FAQ

What's primary battery? And, what's secondary battery?
Primary battery can be used only once. Secondary battery can be recharged for many times.
Are there many types of secondary batteries?
Yes. From low energy density to high, the major types include lead-acid (usually used in cars and UPS), Ni-Cd (often seen in cordless phone and power tools), Ni-MH (often seen in low-end mobile phone and high-end cordless phone and power tools), Li-ion and Li-polymer (often seen in mobile phone, PDA, digital camera, and laptop computer).
What's the difference between li-ion and li-polymer?
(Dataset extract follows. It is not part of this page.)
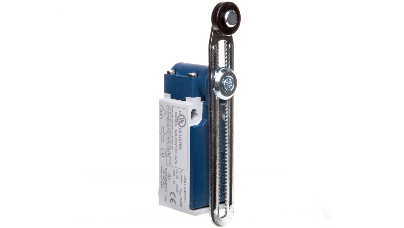 ŁĄCZNIK L5 W OBUDOWIE Z TWORZYWA, 1NC+1NO, DŁUGA METALOWA DŹWIGNIA Z ROLKĄ TWORZYWOWĄ EMAS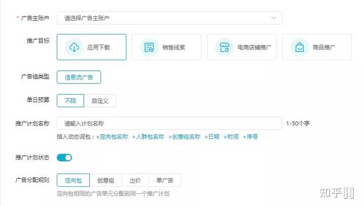根据业务需求选择对应的推广目标(应用下载、销售线索、商品推广等等),

In terms technologies, their main difference is in battery packaging. Their positive and negative electrodes have similar chemical composition. Li-ion technology uses metal enclosure to limit the expansion of chemical materials over the battery's life. Li-polymer uses polymer fibers to tie the chemical materials together. So it can use soft materials for enclosure, such as plastic or aluminum foil. For a thickness of 3mm or less, li-polymer has advantage in capacity. For a thickness more than 3mm, li-ion has more advantages, especially in price.
What's the future of Ni-Cd, Ni-MH, and Li-ion?
Under the same weight or volume, Ni-Cd has only half of Ni-MH's capacity. In terms of price/performance, Ni-MH is better than Ni-Cd. Further more, Cadmium causes environmental concerns. So, more than half of Ni-Cd’s market has been replaced by Ni-MH. As a result, the Ni-Cd market is shrinking. On the other hand, Li-ion has about 50% more capacity than Ni-MH. For applications that have restrictive limitations in weight or volume (such as mobile phone, PDA, notebook computer), li-ion is taking over Ni-MH’s share. As a result, Ni-MH’s market is going flat. In terms of price performance (dollar per watt*hour), li-ion is about the same as Ni-MH. Since li-ion uses materials which are abundant on earth, it will become cheaper than Ni-MH in the long run. So, li-ion market is still growing rapidly.
Is it possible to use Ni-MH or Li-ion for UPS applications?
Most UPS uses lead-acid battery. Under the same energy capacity (Watt*hour), lead-acid battery is about 4 times bigger and 4 times cheaper than li-ion battery. The problem is that UPS requires 6CA~10CA discharge current. But lead-acid battery can provide only less than 1CA current if cycle life is not to be sacrified. As a result, after about 10 times of 6CA charge/discharge, lead-acid battery become dead. To increase its cycle life, UPS manufacturer must use bigger lead-acid battery (losing some advantage in price and getting worse in weight and volume) or use high C rate batteries, such as Ni-MH or Li-ion. So, a 6CA discharge rate li-ion or Ni-MH battery has the potential to dramatically change the cycle life and dimensions of future UPS.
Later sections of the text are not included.